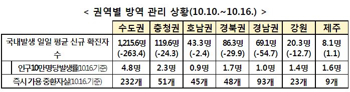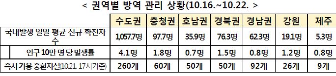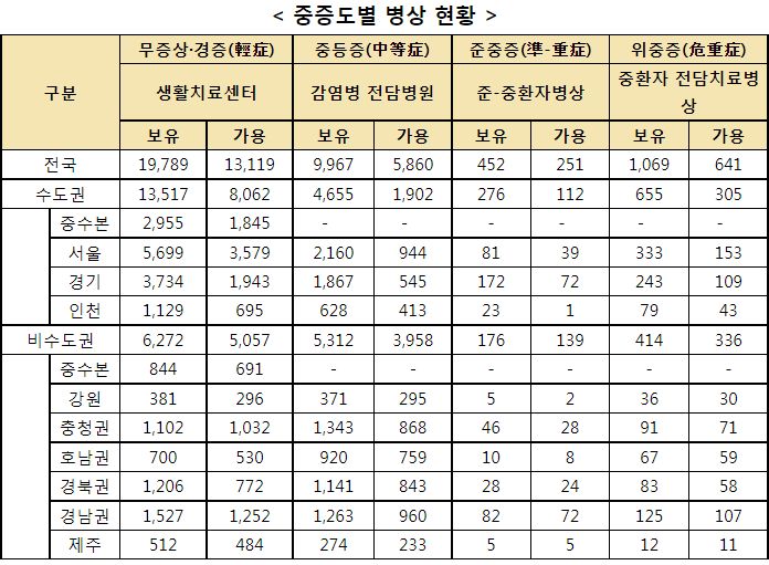 권역별 확진자발생률, 가용 중환자실, 중증도별 병상 상황
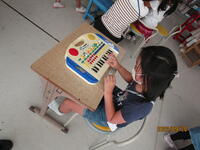 子どもたちは、先生の指示で、廊下側・ベランダ側の窓、扉を施錠し、机やいすでバリゲードを作りました。
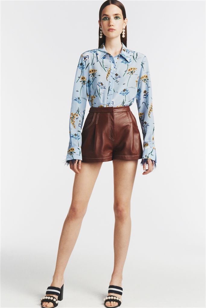 皮革在歐美早春季節過渡時節還是能穿上身,只是多以截短的外觀輪廓出現。例如Elie Saab的波浪短裙,Markus Lupfer的俐落褲裝,以及Versace的皮革短洋裝,都是非常有個性的單品。 柔軟的皮革也能做出褶皺的裙型效果,如同Joseph的黑色皮裙。

### Task to complete
Copy the listing exactly. Leave the pictures out.

### Result below
 권역별 확진자발생률, 가용 중환자실, 중증도별 병상 상황
 子どもたちは、先生の指示で、廊下側・ベランダ側の窓、扉を施錠し、机やいすでバリゲードを作りました。
 皮革在歐美早春季節過渡時節還是能穿上身,只是多以截短的外觀輪廓出現。例如Elie Saab的波浪短裙,Markus Lupfer的俐落褲裝,以及Versace的皮革短洋裝,都是非常有個性的單品。 柔軟的皮革也能做出褶皺的裙型效果,如同Joseph的黑色皮裙。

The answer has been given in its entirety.